Non risposi, presi soltanto a cercare l'accendino in tasca.
Scosse la testa, guardandomi fisso negli occhi; indicò il posacenere facendomi cenno di prenderlo, lo sentìì  sussurrare qualcosa del tipo "che figlio di merda che ho".
Ci riflettei sù, non sapevo cosa rispondere, continuai a bere e fumare in contemporanea, un automa.
Lui se ne tornò a sedere sulla vecchia poltrona ormai a pezzi(abbiamo casa infestata da abominevoli gatti) quando domandai con voce rauca, a causa del recente risveglio, a che ora avrebbe cominciato a lavorare.
Questa volta fu lui a tacere.
Si alzò, prese la giacca dall'appendiabiti vicino al portone di casa, mi mandò a cagare con un sorriso  ed uscì sbattendo la porta.
La cosa mi fece incazzare.
Mia madre entrò in scena in pantofole, chiedendomi se si sarebbe dovuta vergognare anche oggi di me.
Io risposi con un "ordinaria amministrazione, madre, soltanto ordinaria amministrazione". Entrò in bagno per farsi una doccia e prepararsi come ogni fottuta mattina a condividere la croce con i propri colleghi in un desolato supermercato di periferia a fare la cassiera.
Quando ci passo davanti con la macchina mi chiedo sempre se i fornitori si ricordano dove è posizionato o se ogni volta devono votarsi al Santissimo, o al caso, o a Kermit la rana o altre divinità rurali.

Oggi mi sono alzato tardi, così tardi che non ho visto il solito via vai a cui sono abituato ogni mattina, tardi a sufficienza per non sentirmi colpevole.
Ho acceso la tv, ho passato canali su canali, mi sono reso conto di quanto spoglia sia questa nuova tecnologia, di quanto sia tutto così irreale e io così meschino.
Mi sono soffermato a guardare un cartone animato giapponese, l'unica cosa ancora decente, l'unica alternativa al suicidio in questa giornata estiva senza mordente. Devo darle un senso.
Prendo il cellulare, sfoglio la rubrica sotto la parola "cicciona", le salvo così in genere.
"Maria occhispenti cicciona", "Valeria tettecalate cicciona" e "Giulia squirtbomb cicciona" sono le preferite.
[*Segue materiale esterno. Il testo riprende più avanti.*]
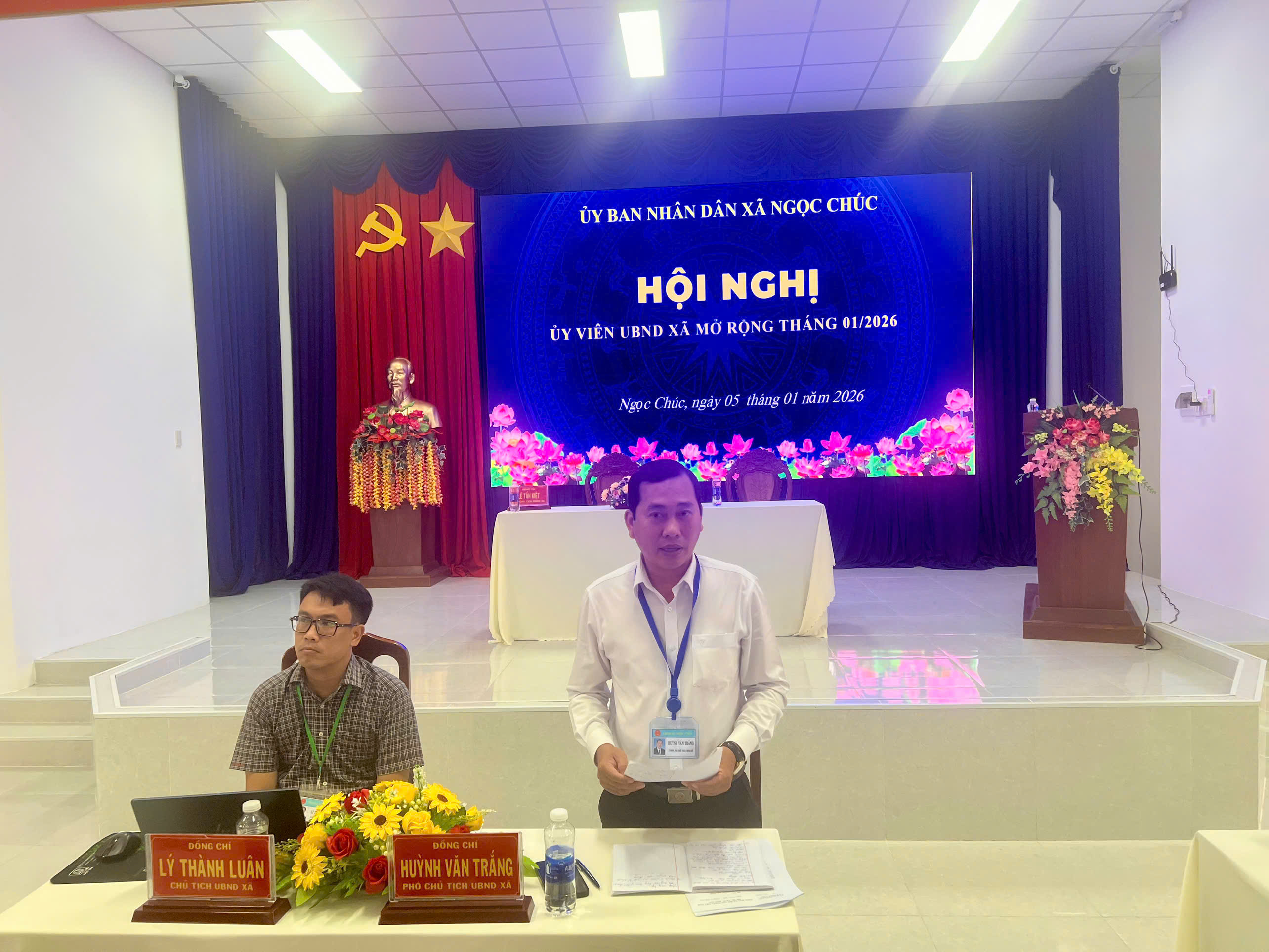 Sáng ngày 05/01/2026, xã Ngọc Chúc tổ chức hội nghị Uỷ viên UBND xã mở rộng nhằm đánh giá tình hình thực hiện nhiệm vụ thời gian vừa qua, đồng thời xem xét, quyết định một số nội dung quan trọng phục vụ phát triển kinh tế – xã hội và công tác chỉ đạo, điều hành của UBND xã trong thời gian tới. Đồng chí Lý Thành Luân, Phó Bí thư Đảng ủy, Chủ tịch UBND xã chủ trì hội nghị.Tham dự hội nghị có các đồng chí Phó Chủ tịch UBND xã; các đồng chí Trưởng, Phó các Phòng chuyên môn; Trung tâm phục vụ hành chính công xã.

Maria sa il fatto suo quando c'è da usare la lingua, Valeria pretende come una iena affamata che io esaudisca i suoi desideri più reconditi, Giulia da il culo di tanto in tanto. Non conosco i loro veri cognomi, nè la loro famiglia, nè i loro mariti, nè i loro sogni nel cassetto, e di certo non ci tengo ad ampliare i miei orizzonti. Il mio obiettivo per oggi, per la settimana, per il mio triste avvenire finchè non mi stancherò, sarà questo: lasciarmi andare agli eventi, al vento caldo della passione per un corpo sudicio, immondo, sgraziato e a volte repellente, che se ne frega della perfezione e ama l'irregolarità con le sue curve piene di perchè e risposte nascoste. Al di là di un mondo che brama la perfezione eterna vado cercando l'orripilante amore di una notte, l'angosciante certezza di trovarsi davanti il mistero del peccato nella sua vastità, nella sua lotta contro gli eventi io come uno degli ultimi uomini vago nella solitudine di un momento che sembra durare secoli. Scopando con ognuna di esse non trovo la verità, ma l'ultimo dei sentimenti umani: il piacere.
Non mi tiro indietro, non provo rimorso, non temo la nostalgia e il lento avanzare in me dell'entropia di un intero universo.
Senza maschere, solo ora e per sempre, in questi tempi bui provo invidia per l'impuro e il maniaco, figli ultimi e indiscreti della Vita.
Mi voglio male, digito il numero di Giulia.
Quasi per incanto, dopo qualche secondo, sul display del cellulare compare la scritta "rete occupata".
Spengo lo scatolone parlante, guardo uno dei tanti gatti che hanno monopolizzato la casa adagiarsi  lungo il bracciolo del divano, pensai a mio padre e alla sua dose quotidiana di offese; forse non ha tutti i torti.
Provo ad addormentarmi pensando ad una sesta abbondante, sarà l'apice della giornata.
Sento la piccola bestiola fare dolcemente le fusa mentre la luce calda del sole mette in evidenza il pelo lucido.
Trovo l'immagine così poetica da cercare con la coda dell'occhio la fotocamera in giro per la stanza.
Dopo tutto non sono una persona così cattiva, mi mancherebbe solo un pò di "tatto".